## Given data:
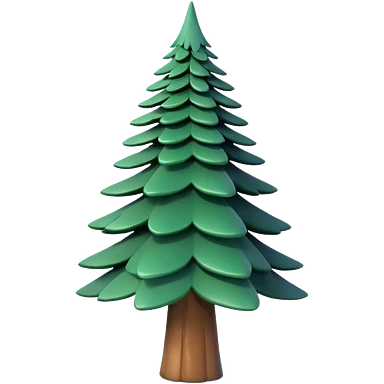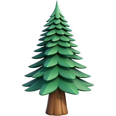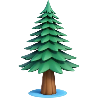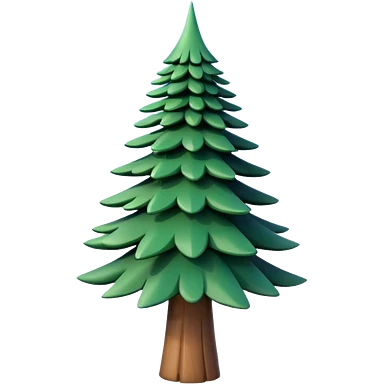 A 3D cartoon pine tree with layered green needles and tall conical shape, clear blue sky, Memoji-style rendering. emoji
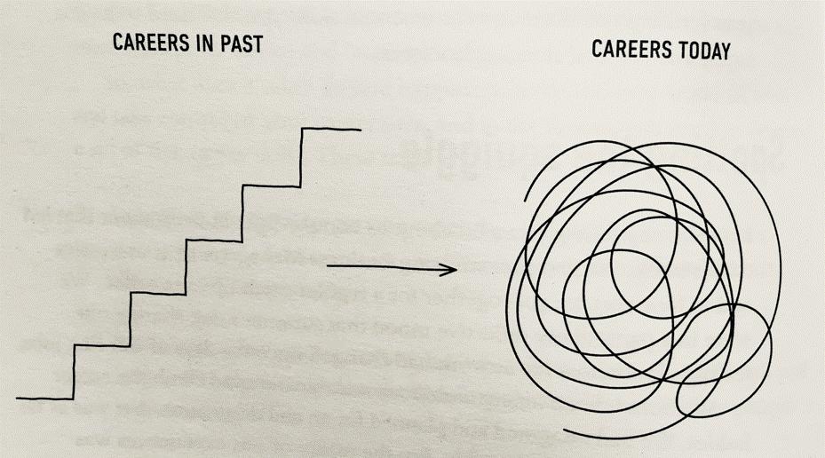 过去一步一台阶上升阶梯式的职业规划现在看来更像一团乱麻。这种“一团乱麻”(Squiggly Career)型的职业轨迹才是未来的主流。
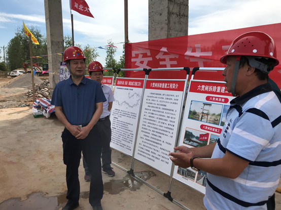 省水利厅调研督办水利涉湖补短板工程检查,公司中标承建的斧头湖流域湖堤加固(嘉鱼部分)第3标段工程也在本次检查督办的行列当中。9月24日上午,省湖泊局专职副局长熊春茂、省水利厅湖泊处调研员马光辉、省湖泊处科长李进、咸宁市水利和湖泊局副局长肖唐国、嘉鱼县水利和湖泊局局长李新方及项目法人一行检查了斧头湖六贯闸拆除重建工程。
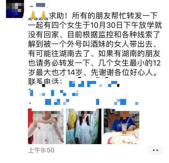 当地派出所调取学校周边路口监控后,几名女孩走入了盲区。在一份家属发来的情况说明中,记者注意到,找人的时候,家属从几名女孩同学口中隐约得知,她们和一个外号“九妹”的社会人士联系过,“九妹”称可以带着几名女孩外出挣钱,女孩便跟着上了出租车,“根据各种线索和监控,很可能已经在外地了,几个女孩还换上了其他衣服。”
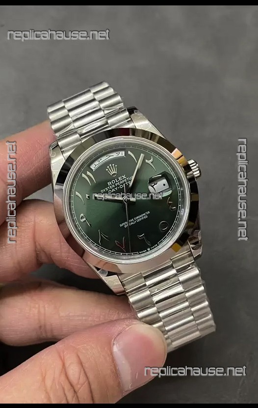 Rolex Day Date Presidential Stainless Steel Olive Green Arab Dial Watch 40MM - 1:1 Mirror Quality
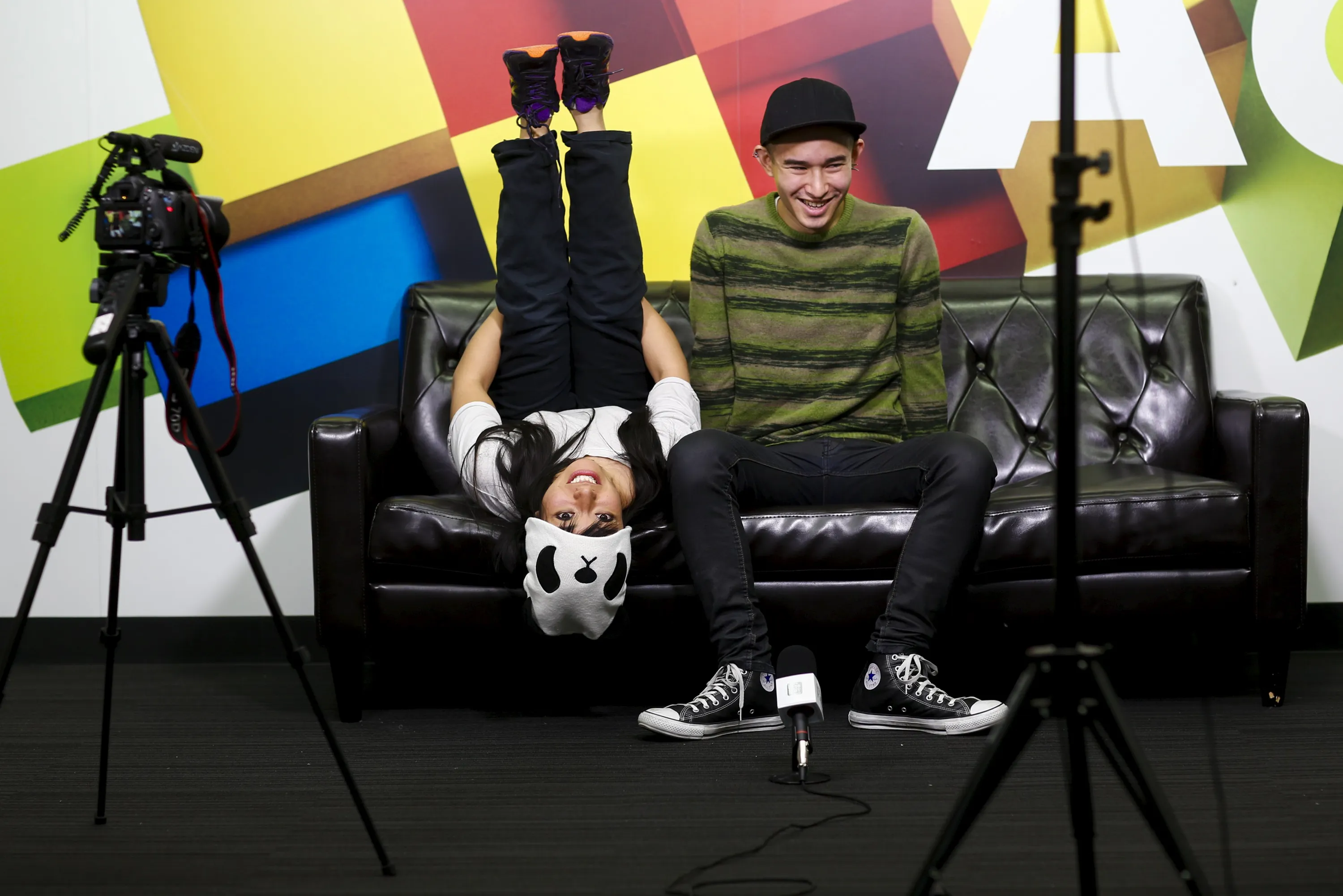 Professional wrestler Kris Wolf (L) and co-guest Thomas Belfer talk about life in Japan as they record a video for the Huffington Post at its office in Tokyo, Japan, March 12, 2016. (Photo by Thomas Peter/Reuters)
---
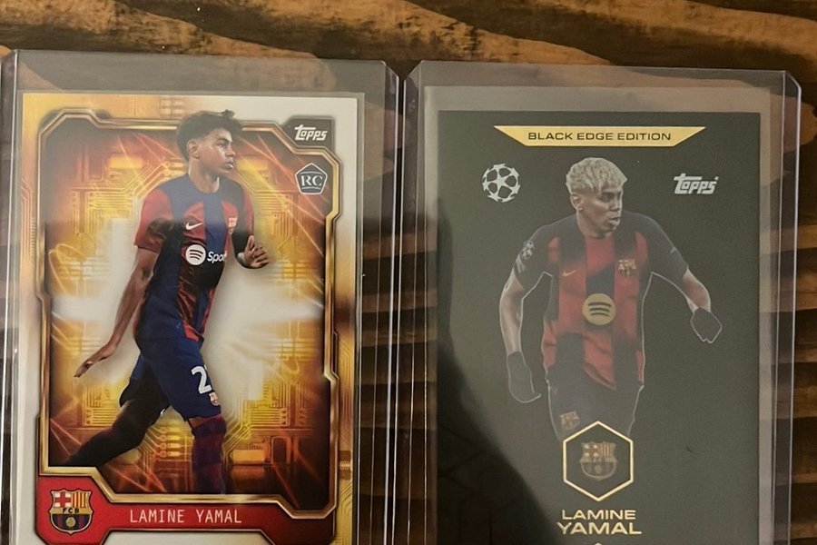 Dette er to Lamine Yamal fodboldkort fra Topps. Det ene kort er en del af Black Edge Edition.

## Task brief:
Beginning at the line that has "当地派出所调取学校周边路口监" and ending at the line that has "Professional wrestler Kris", restate the listing above word for word, pictures left out.

## Solution for this problem:
 当地派出所调取学校周边路口监控后,几名女孩走入了盲区。在一份家属发来的情况说明中,记者注意到,找人的时候,家属从几名女孩同学口中隐约得知,她们和一个外号“九妹”的社会人士联系过,“九妹”称可以带着几名女孩外出挣钱,女孩便跟着上了出租车,“根据各种线索和监控,很可能已经在外地了,几个女孩还换上了其他衣服。”
 Rolex Day Date Presidential Stainless Steel Olive Green Arab Dial Watch 40MM - 1:1 Mirror Quality
 Professional wrestler Kris Wolf (L) and co-guest Thomas Belfer talk about life in Japan as they record a video for the Huffington Post at its office in Tokyo, Japan, March 12, 2016. (Photo by Thomas Peter/Reuters)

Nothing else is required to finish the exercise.